Now when Charles and I moved to Pennsylvania, I thought, "Oh! There are some really cool plants up there that I would love to grow." I LOVE lilacs, hydrangeas and peonies. Three more green things that under my care would suffer and die! So I stuck to the annuals. In the fall I purchased mums. These were fantastic! When I bought them they were in full flower and available in tons of colors. You could just plop the ugly container into a pretty one at home and that was it. I didn't even have to re-pot it. Then when it's season was over, it knew it, I knew it. It wasn't a tearful good-bye. Winter, now that was super easy! A Christmas tree. Hey! It's dead already, I am way ahead on that game. Just have to keep the dead tree green for about a month. I got this one-sugar in the water-check! But now it is spring. A beautiful time for most folks, but for us plant growing challenged people it is torture! We see all the beautiful spring displays of plants who need good homes. I even bought a few early on thinking that I was safe as long as it is an annual. I brought those plants home (a pothos was in the bunch) and put them on the front porch only-didn't yet want to commit to the back porch! I did all the right stuff. Re-potted them into bigger containers. Watered and fertilized with Miracle Grow. Rotated them for even sun exposure. Found the right spot to make the partial shade-ers happy and the full sun-ers happy. Removed dead leaves. Watched for bugs. Heck! I would even talk to them when I was out on the porch. All good stuff. But then...our area was put under a freeze warning. I didn't know...I just didn't know. I went to bed a happy plant owner and woke up to shriveled up, wilted, brown and very unhappy plants. I quickly apologized and brought them all into the house. It was too late. I lost some good plants that day.

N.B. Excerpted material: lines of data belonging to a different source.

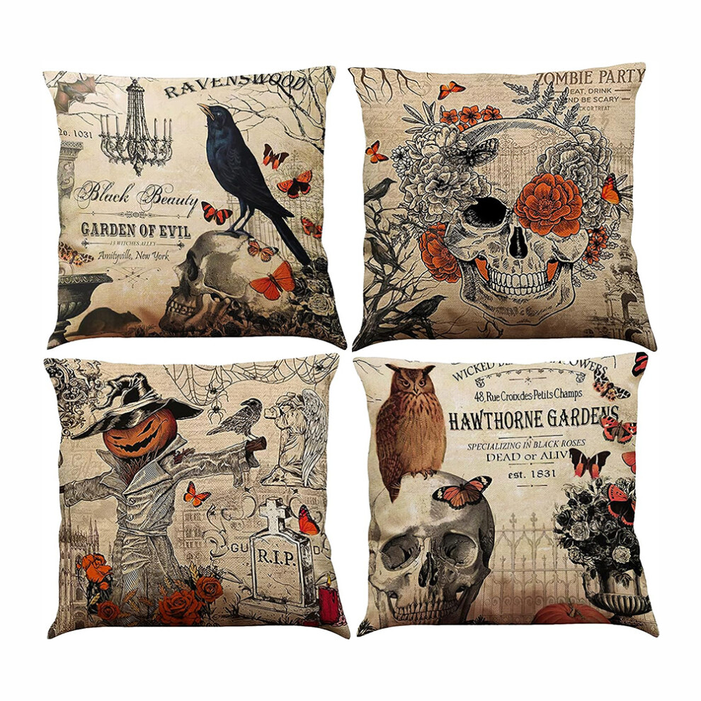 Halloween Decorative Throw Pillow Covers, Square Cushion Covers for Outdoor Sofa Couch, Scarecrow Skull Pumpkin Design, Polyester And Linen, 4PCS, Eas
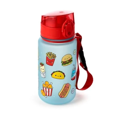 Puckator Foodiemals Pop Top 350ml Shatterproof Children's Bottle Reusable Insulated Active Water Flask For Girls And Boys With A Carry Handle & Straw Bpa Free School Nursery
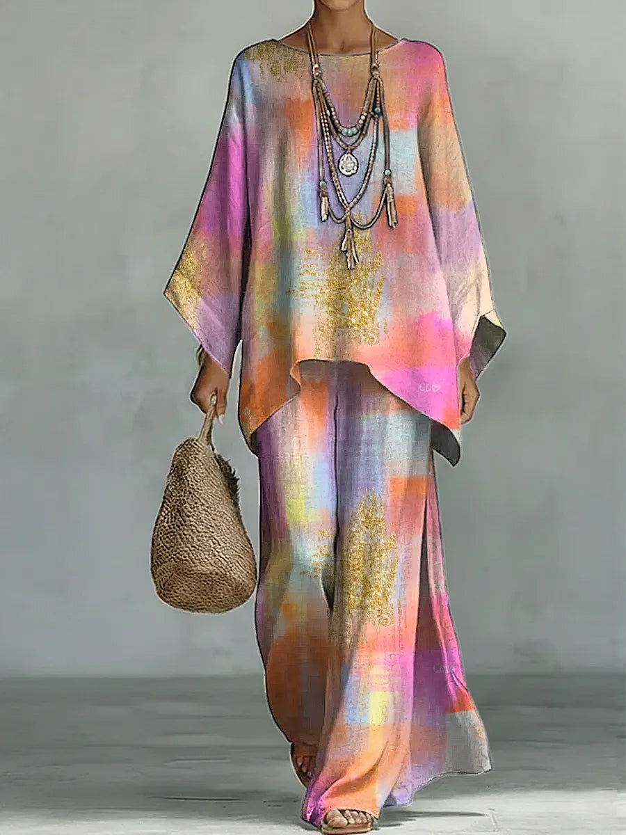 Abstract-style Colorful Decorative Patterns Casual Long Sleeve Cotton Linen Top And Pants

I didn't buy more plants until I was sure that the really cold weather was gone. No, it's not what I would call warm up here yet, but everyone has their spring plants out for sale, in the ground and on their porches so I assumed it was safe. I bought pansies, pink cosmos, a fern, some yellow flowers and some purple flowers. All so pretty! I kept them in their original pots-not wanting to get too attached. Then last weekend I finally transferred them to pretty pots, found homes for them on both the front and back porch and was feeling pretty happy with plant life! That was until this morning. I hopped on the computer and the little Weather Channel desktop icon thingey was making it's thunderstorm noise and blinking. Bad news... As I read the "weather alert" a lump was forming in my throat. "A freeze warning is issued when sub-freezing temperatures are forecast to threaten outdoor plants. Those with agricultural or gardening interests in the warned area are advised to harvest or protect tender vegetation. Potted plants normally left outdoors should be covered of brought inside." Curse my brown thumb! A better gardener would have known sooner! My dad would have put plastic tarps on the plants in the ground and would have had those plants in last night. Once again I rushed outside and while carting my plants inside to warmer digs, I was apologizing and begging them not to die. Those plants need your prayers, folks!
Inside my house I have 100% given up on indoor plants. All the greenery and floral in my house comes from Val's Basket Warehouse in Tampa. If this round of plants die, I have to ask myself one question...how horrible would it look to put silk plants outside?